If the now very clearly well functioning implementation continues to perform as well as it is, the community may be able to keep it funded and functioning.

And the other side of this is that with renewed AMD interest/support for the rocm/HIP project, it might be just good enough as a stopgap step to push projects towards rocm/HIP adoption. (included below is another blurb from the readme).

> I am a developer writing CUDA code, does this project help me port my code to ROCm/HIP?

> Currently no, this project is strictly for end users. However this project could be used for a much more gradual porting from CUDA to HIP than anything else. You could start with an unmodified application running on ZLUDA, then have ZLUDA expose the underlying HIP objects (streams, modules, etc.), allowing to rewrite GPU kernels one at a time. Or you could have a mixed CUDA-HIP application where only the most performance sensitive GPU kernels are written in the native AMD language.

RachelF6 months ago

Yeah, AMD look like idiots for doing this.

Either they are very stupid, or open sourcing the library stops NVidia from suing them in a repeat of the Oracle/Google lawsuit over Java APIs?

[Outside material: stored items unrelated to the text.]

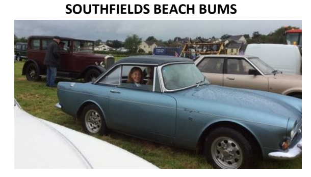
HEATHER DARWIN IN HER SUNBEAM TIGER 1965
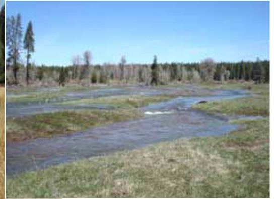
With the gully gone, water easily overflows the channel onto the floodplain. This slows the water, allows sediment to be filtered out, and aids in infiltration into the ground.
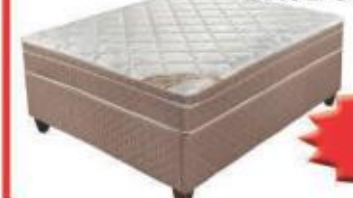
152 CM QUEEN 5 CROWN BASE SET
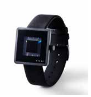
2089 All Black Black

Movement Functions eel Case 5mm Case dimensions Water resistance Crystal Strap
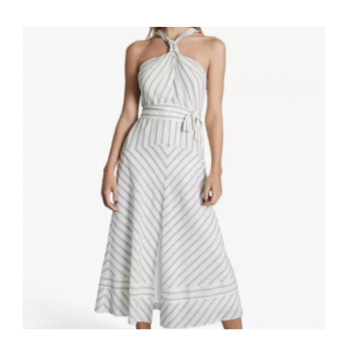
Reiss Bea Striped Dress, White/Grey £140 - here
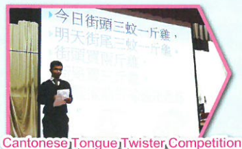
Cantonese Tongue Twister Competition
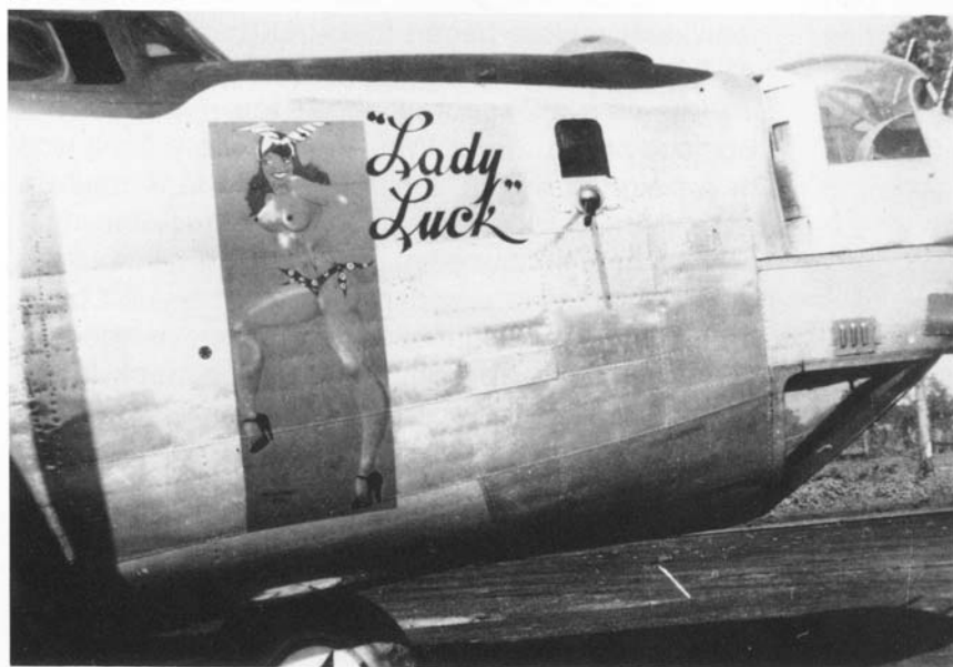
#0116 Lady Luck proved to be as good as her name and flew at least 90 missions before the end of the war. It was flown back to CONUS for salvage at Kingman, Arizona.

Source: Horton, Best in the Southwest, p. 282.
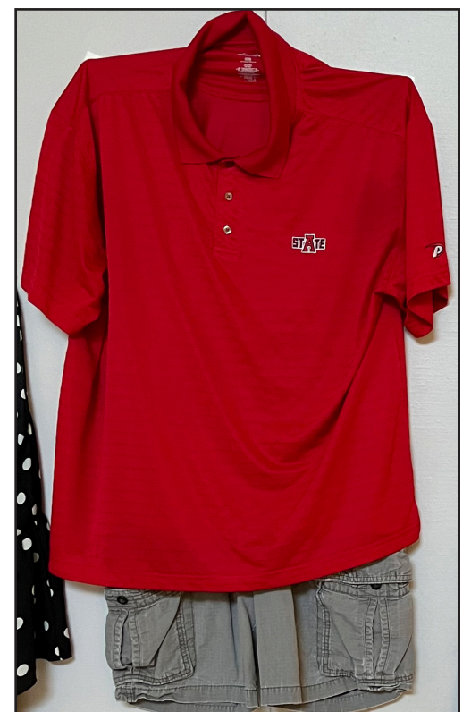
5. "I was at a party. I don't know what they gave me. I woke up and he was behind me. I was screaming when I woke up. I was so scared."
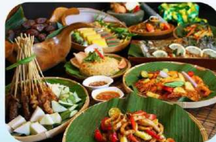
Daily Lunch Provided (Excluding Weekends)
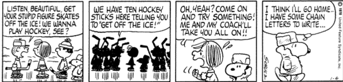
(January 6, 1978) © 1978 Peanuts Worldwide LLC
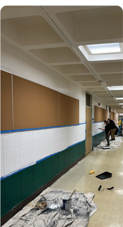
(Left) Red and yellow paint mark the area in the school hallway where the bulletin board was removed; (right) the new bulletin board was installed higher and the wall painted to make room for new hooks for the students.

I'm not sure what the reason is?

yen2236 months ago

I think AMD is focusing on the "inference" side of ML, which doesn't really require CUDA or similar, and is what they believe a much larger market.

Time will tell if that strategy is going to pan out. Ceding the ML "training" market entirely to Nvidia is certainly a bold move

bitbang6 months ago

That was my immediate thought: the software is made publicity available to help add value to their product offering, but they plausable deniability in court and don't have to bear the burden of potential lawsuits or support.

theropost5 months ago

Perhaps AMD realizes that if they released something like this in a formal capacity, they might face a barrage of lawsuits, and IP claims from Nvidia. If this is completed through an Open Source project however, in which AMD is not directly funding, Nvidia would not have many legal avenues to attack. Just an opinion.

pk-protect-ai6 months ago

> After two years of development and some deliberation, AMD decided that there is no business case for running CUDA applications on AMD GPUs

Who was responsible at AMD for this project and why is he still not fired???????? How brain dead someone have to be to reject the major market share??????

nikanj6 months ago

This should be the top comment here, people are getting their hopes up for nothing

enonimal6 months ago

From the ARCHITECTURE.md:

> Those pointers point to undocumented functions forming CUDA Dark API. It's impossible to tell how many of them exist, but debugging experience suggests there are tens of function pointers across tens of tables. A typical application will use one or two most common. Due to they undocumented nature they are exclusively used by Runtime API and NVIDIA libraries (and in by CUDA applications in turn). We don't have names of those functions nor names or types of the arguments. This makes implementing them time-consuming. Dark API functions are are reverse-engineered and implemented by ZLUDA on case-by-case basis once we observe an application making use of it.

gdiamos6 months ago

These were a huge pain in the ass when I tried this 20 years ago on Ocelot.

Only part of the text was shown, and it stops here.